- [Input]:
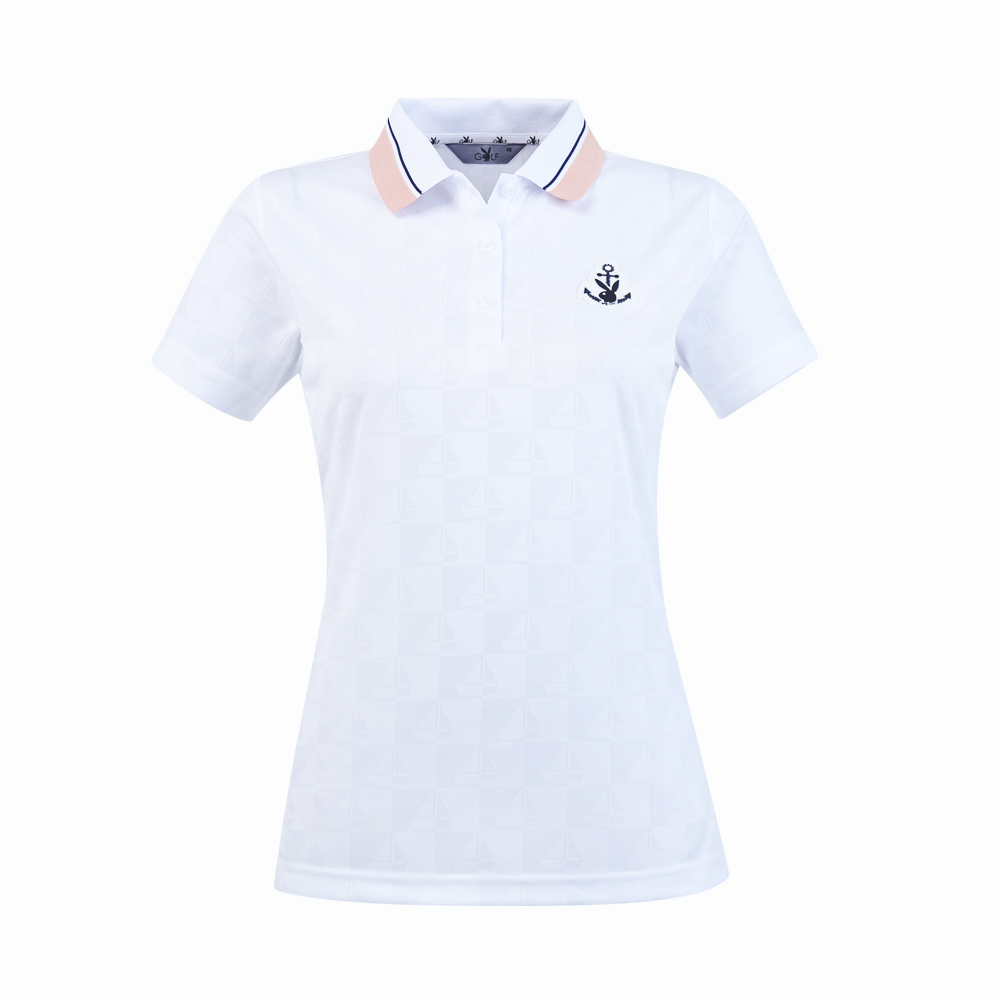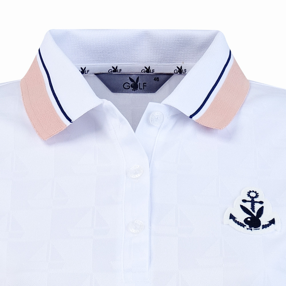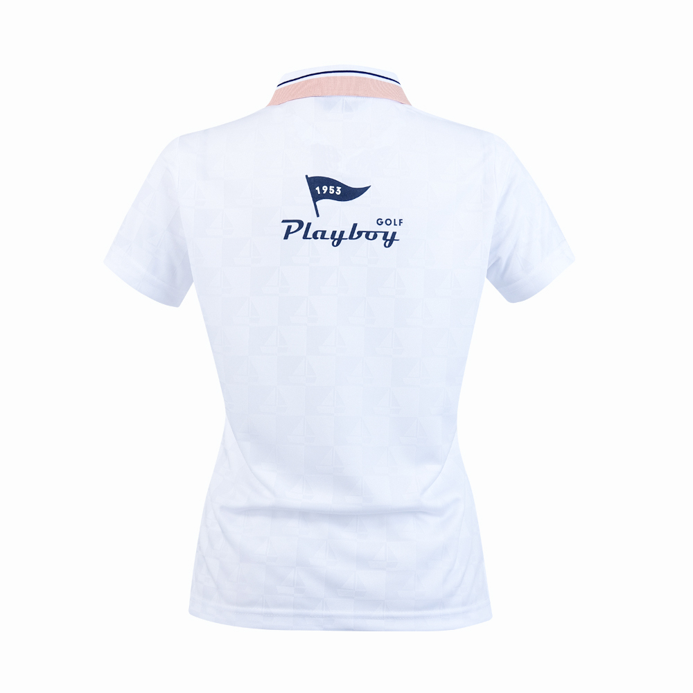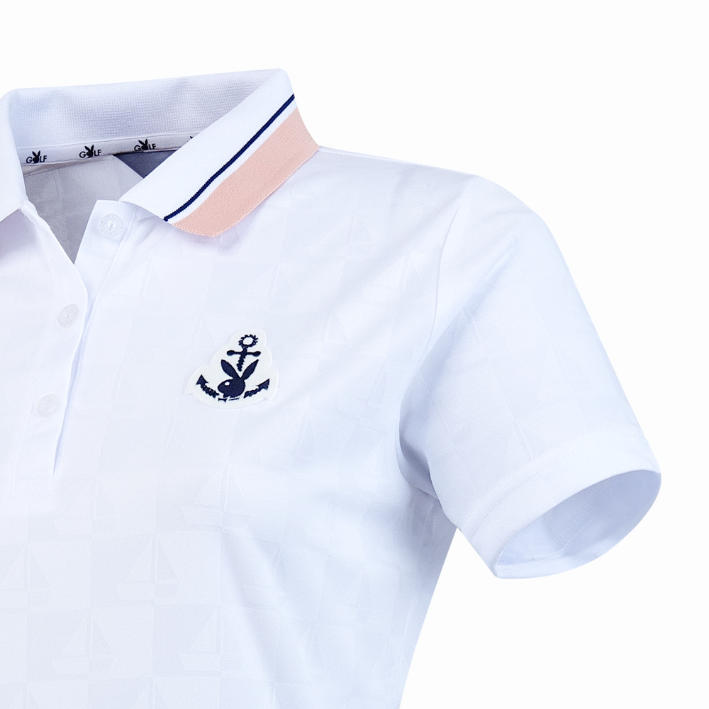 【PLAYBOY GOLF】女款帆船緹花抗UV短袖POLO衫-白 / KA25101-87
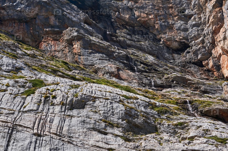 Отвесная каменная стена со стекающим по ней небольшим водопадом
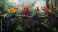 • Tropikalny las deszczowy z mnóstwem papug w różnych odcieniach, które swobodnie latają w gęstej roślinności.
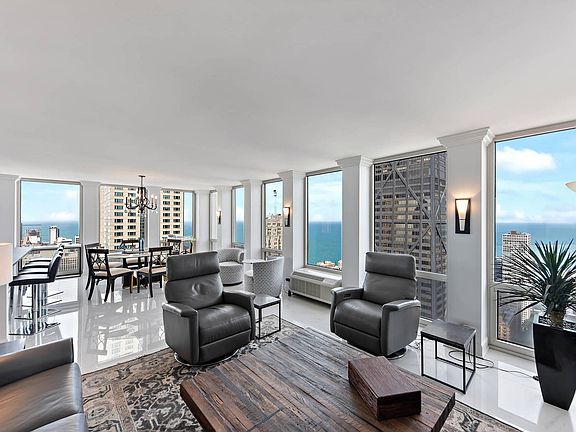 Experience elevated living in this newly renovated, fully furnished 2-bedroom, 2-bathroom condo, perched on the 53rd floor of a prestigious Gold Coast building. Spanning 1,600 square feet, this unit offers an array of designer finishes and classic decor, making it the perfect turnkey solution for short-term stays. Enjoy breathtaking, unobstructed panoramas from 23 floor-to-ceiling windows. Views stretch across Lake Shore, Navy Pier, and the city's beaches, capturing stunning sunrises, vibrant fireworks, and serene sunsets. The nighttime skyline of Chicago's skyscrapers provides a dazzling backdrop to your living space. This home includes access to first-rate amenities: a heated outdoor pool, a modern fitness center, on-site dry cleaning, a conference room, BBQ decks, and a party room equipped with a kitchen and bar. Extra-large storage is conveniently located on the same floor as the unit. Heated garage parking can be negotiated into your lease, adding comfort and convenience. Located at the heart of the Gold Coast, between Michigan Avenue and Rush Street, the building has dual entrances from Chestnut or Pearson Streets. Whether you're in Chicago for business or leisure, this home offers the ultimate in luxury, location, and convenience, making every short stay memorable.
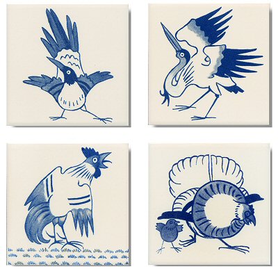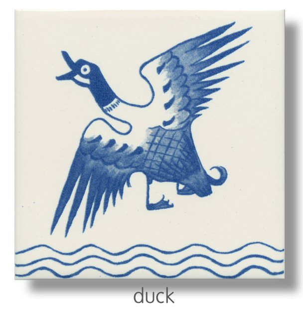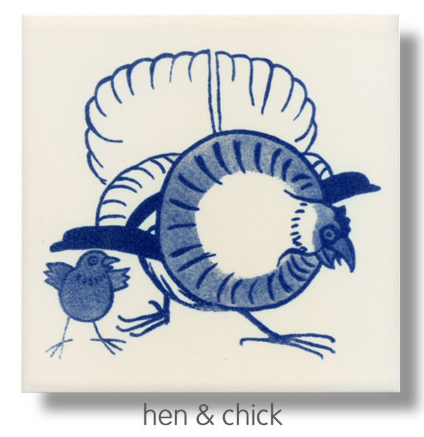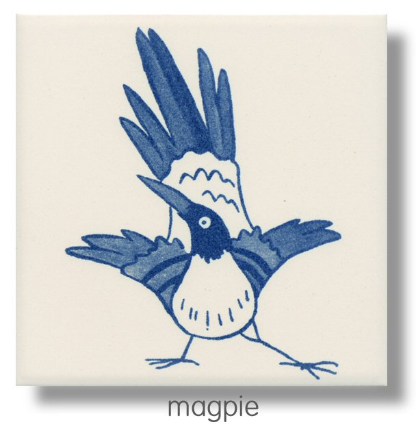 Tiles >> Victorian Reproduction Wall Tiles picturing Magpie, Crane, Cockeral, Hen & Chick, Duck, Goose
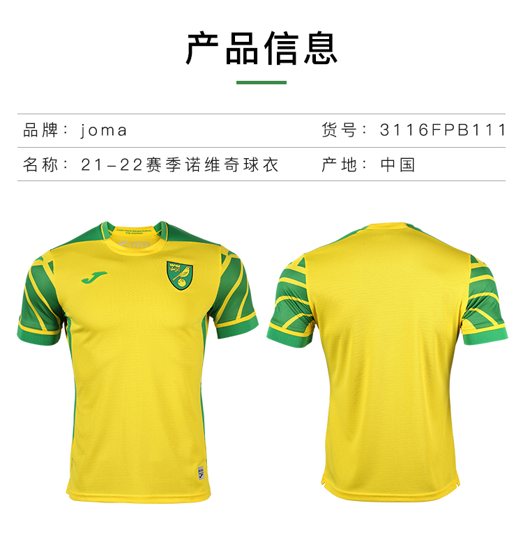 JOMA/霍马21-22赛季诺维奇主场球迷版短袖球衣成人男
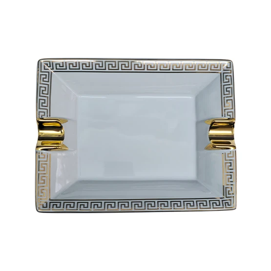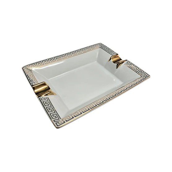 The BLD Ceramic Greek Mosaic Square Cigar Ashtray (2 Cigar Rest) features a luxurious white and gold design inspired by classic Greek patterns. Crafted from durable ceramic, it offers two cigar rests and a deep, easy-to-clean bowl, making it both a stylish and practical addition to any cigar collection.
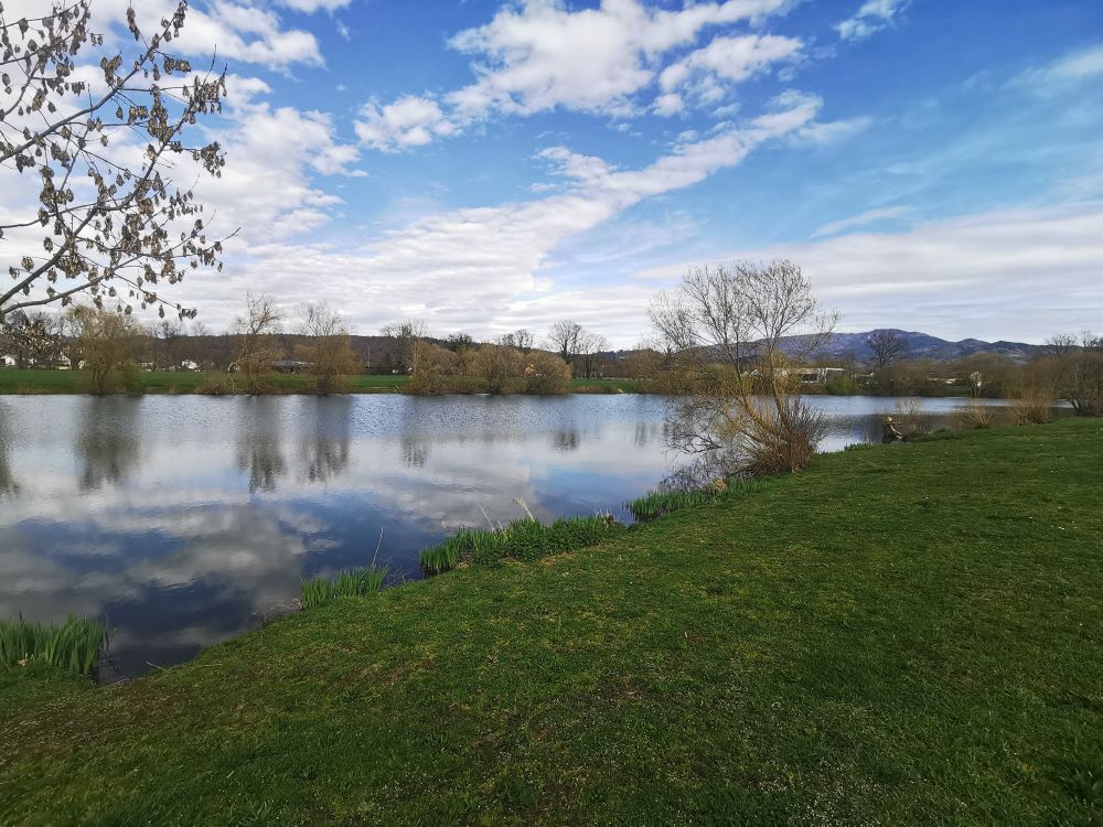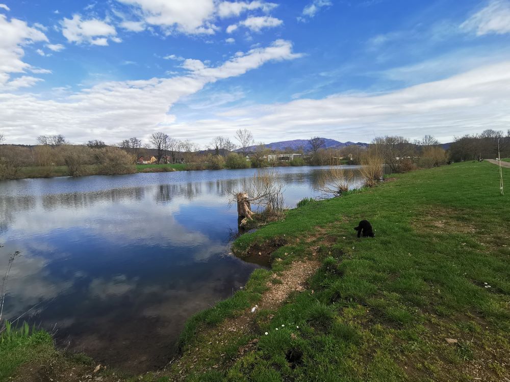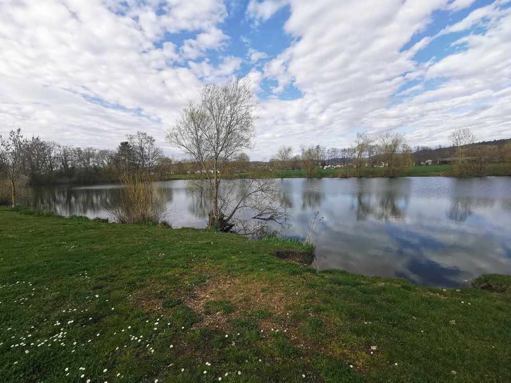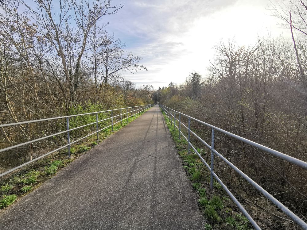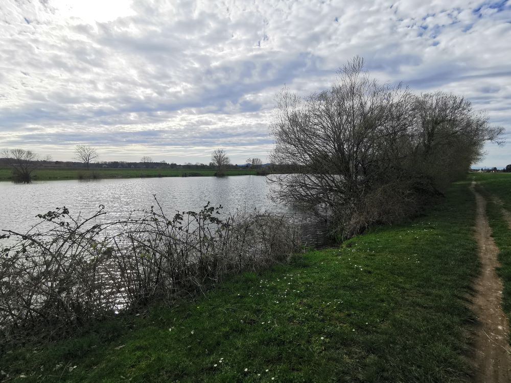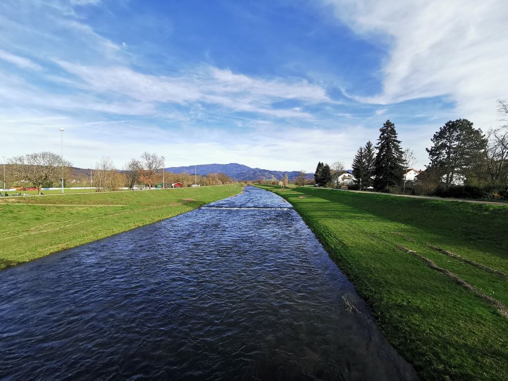 Baugrundstück mit angrenzendem FeldStreuobstwiese mit Blick zum GrundstückBlick auf WasserFelder angrenzend ans BaugrundstückFeld mit Storchenturm im HintergrundSpazierweg / Radweg neben dem GrundstückGeteerter Rad- und Spazierweg Richtung Denzlingen/ Freiburg durch den Wald

- [What you need to do]:
Omit pictures and output the listing exactly.

- [Reply to the exercise]:
 【PLAYBOY GOLF】女款帆船緹花抗UV短袖POLO衫-白 / KA25101-87
 Отвесная каменная стена со стекающим по ней небольшим водопадом
 • Tropikalny las deszczowy z mnóstwem papug w różnych odcieniach, które swobodnie latają w gęstej roślinności.
 Experience elevated living in this newly renovated, fully furnished 2-bedroom, 2-bathroom condo, perched on the 53rd floor of a prestigious Gold Coast building. Spanning 1,600 square feet, this unit offers an array of designer finishes and classic decor, making it the perfect turnkey solution for short-term stays. Enjoy breathtaking, unobstructed panoramas from 23 floor-to-ceiling windows. Views stretch across Lake Shore, Navy Pier, and the city's beaches, capturing stunning sunrises, vibrant fireworks, and serene sunsets. The nighttime skyline of Chicago's skyscrapers provides a dazzling backdrop to your living space. This home includes access to first-rate amenities: a heated outdoor pool, a modern fitness center, on-site dry cleaning, a conference room, BBQ decks, and a party room equipped with a kitchen and bar. Extra-large storage is conveniently located on the same floor as the unit. Heated garage parking can be negotiated into your lease, adding comfort and convenience. Located at the heart of the Gold Coast, between Michigan Avenue and Rush Street, the building has dual entrances from Chestnut or Pearson Streets. Whether you're in Chicago for business or leisure, this home offers the ultimate in luxury, location, and convenience, making every short stay memorable.
 Tiles >> Victorian Reproduction Wall Tiles picturing Magpie, Crane, Cockeral, Hen & Chick, Duck, Goose
 JOMA/霍马21-22赛季诺维奇主场球迷版短袖球衣成人男
 The BLD Ceramic Greek Mosaic Square Cigar Ashtray (2 Cigar Rest) features a luxurious white and gold design inspired by classic Greek patterns. Crafted from durable ceramic, it offers two cigar rests and a deep, easy-to-clean bowl, making it both a stylish and practical addition to any cigar collection.
 Baugrundstück mit angrenzendem FeldStreuobstwiese mit Blick zum GrundstückBlick auf WasserFelder angrenzend ans BaugrundstückFeld mit Storchenturm im HintergrundSpazierweg / Radweg neben dem GrundstückGeteerter Rad- und Spazierweg Richtung Denzlingen/ Freiburg durch den Wald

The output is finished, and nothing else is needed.